■ Requirement
Write out the data word for word, taking care that no picture is carried over.

■ Raw data
= = = =
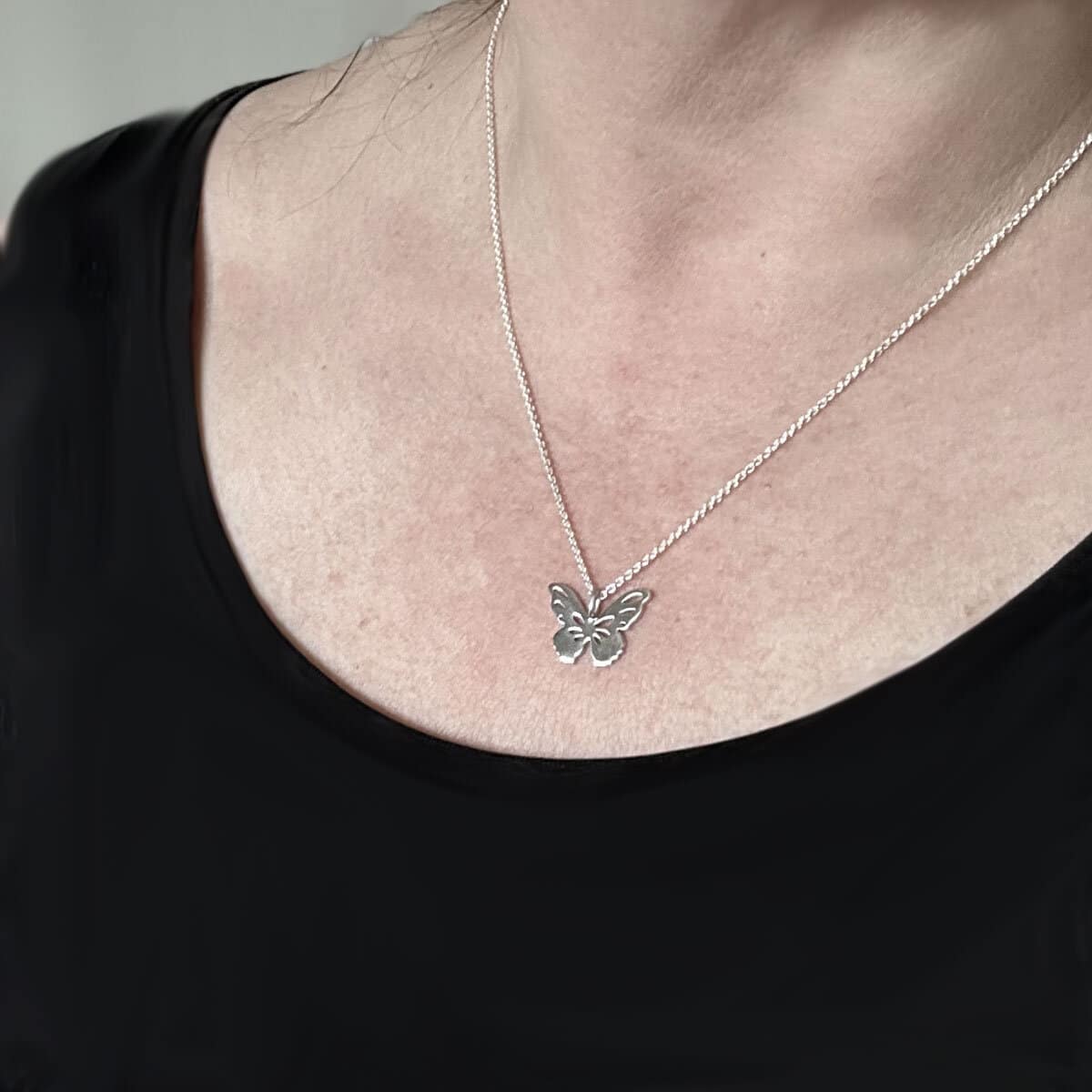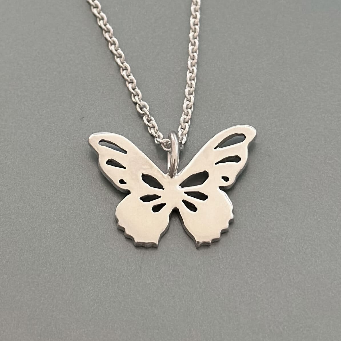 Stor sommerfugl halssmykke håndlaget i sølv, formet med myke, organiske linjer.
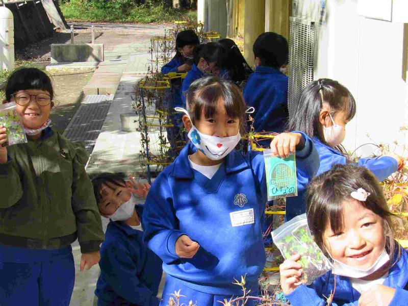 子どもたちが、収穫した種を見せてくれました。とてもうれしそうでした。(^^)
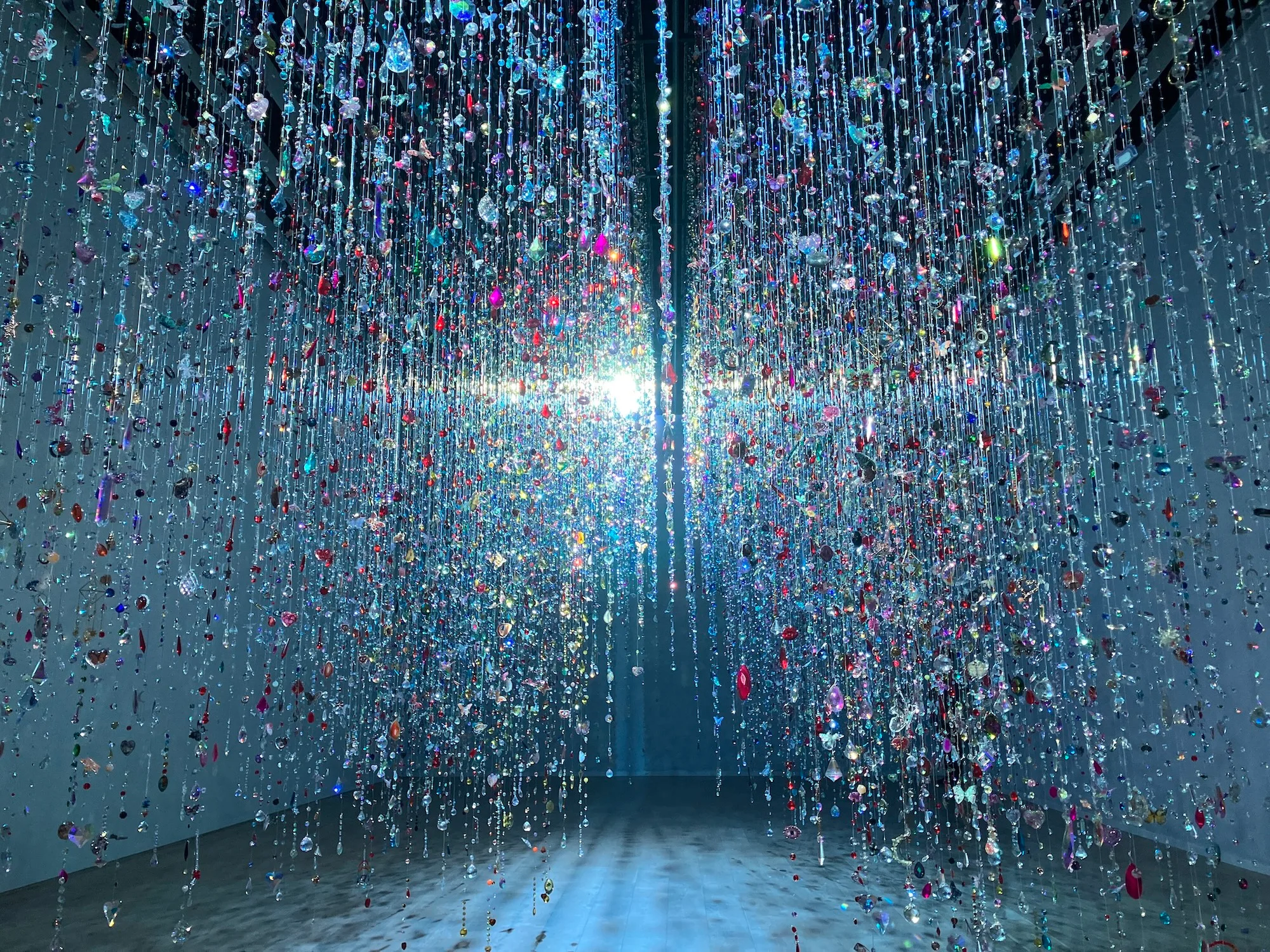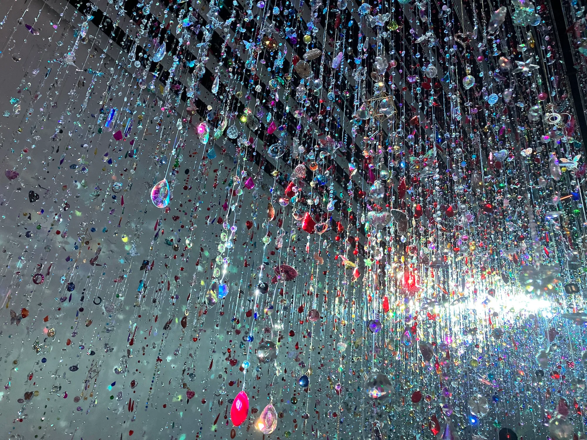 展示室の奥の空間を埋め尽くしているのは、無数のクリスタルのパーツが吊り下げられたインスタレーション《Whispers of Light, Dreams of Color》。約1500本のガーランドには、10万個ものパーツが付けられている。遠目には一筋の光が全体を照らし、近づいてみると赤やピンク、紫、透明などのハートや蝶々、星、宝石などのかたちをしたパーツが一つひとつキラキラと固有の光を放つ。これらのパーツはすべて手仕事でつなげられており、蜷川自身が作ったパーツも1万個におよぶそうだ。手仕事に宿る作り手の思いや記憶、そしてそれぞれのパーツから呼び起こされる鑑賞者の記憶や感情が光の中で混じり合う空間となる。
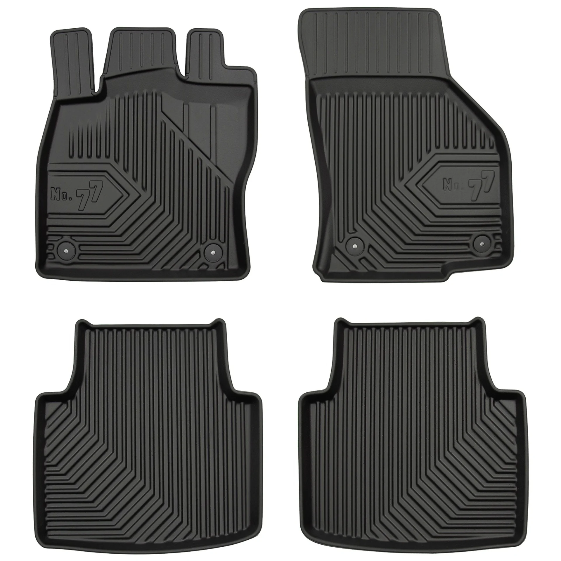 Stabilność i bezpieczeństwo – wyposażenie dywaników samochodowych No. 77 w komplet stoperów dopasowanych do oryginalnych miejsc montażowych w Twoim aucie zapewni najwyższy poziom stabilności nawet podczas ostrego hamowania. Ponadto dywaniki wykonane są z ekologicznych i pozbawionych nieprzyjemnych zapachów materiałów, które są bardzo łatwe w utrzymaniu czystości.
= = = =
■ Answer
 Stor sommerfugl halssmykke håndlaget i sølv, formet med myke, organiske linjer.
 子どもたちが、収穫した種を見せてくれました。とてもうれしそうでした。(^^)
 展示室の奥の空間を埋め尽くしているのは、無数のクリスタルのパーツが吊り下げられたインスタレーション《Whispers of Light, Dreams of Color》。約1500本のガーランドには、10万個ものパーツが付けられている。遠目には一筋の光が全体を照らし、近づいてみると赤やピンク、紫、透明などのハートや蝶々、星、宝石などのかたちをしたパーツが一つひとつキラキラと固有の光を放つ。これらのパーツはすべて手仕事でつなげられており、蜷川自身が作ったパーツも1万個におよぶそうだ。手仕事に宿る作り手の思いや記憶、そしてそれぞれのパーツから呼び起こされる鑑賞者の記憶や感情が光の中で混じり合う空間となる。
 Stabilność i bezpieczeństwo – wyposażenie dywaników samochodowych No. 77 w komplet stoperów dopasowanych do oryginalnych miejsc montażowych w Twoim aucie zapewni najwyższy poziom stabilności nawet podczas ostrego hamowania. Ponadto dywaniki wykonane są z ekologicznych i pozbawionych nieprzyjemnych zapachów materiałów, które są bardzo łatwe w utrzymaniu czystości.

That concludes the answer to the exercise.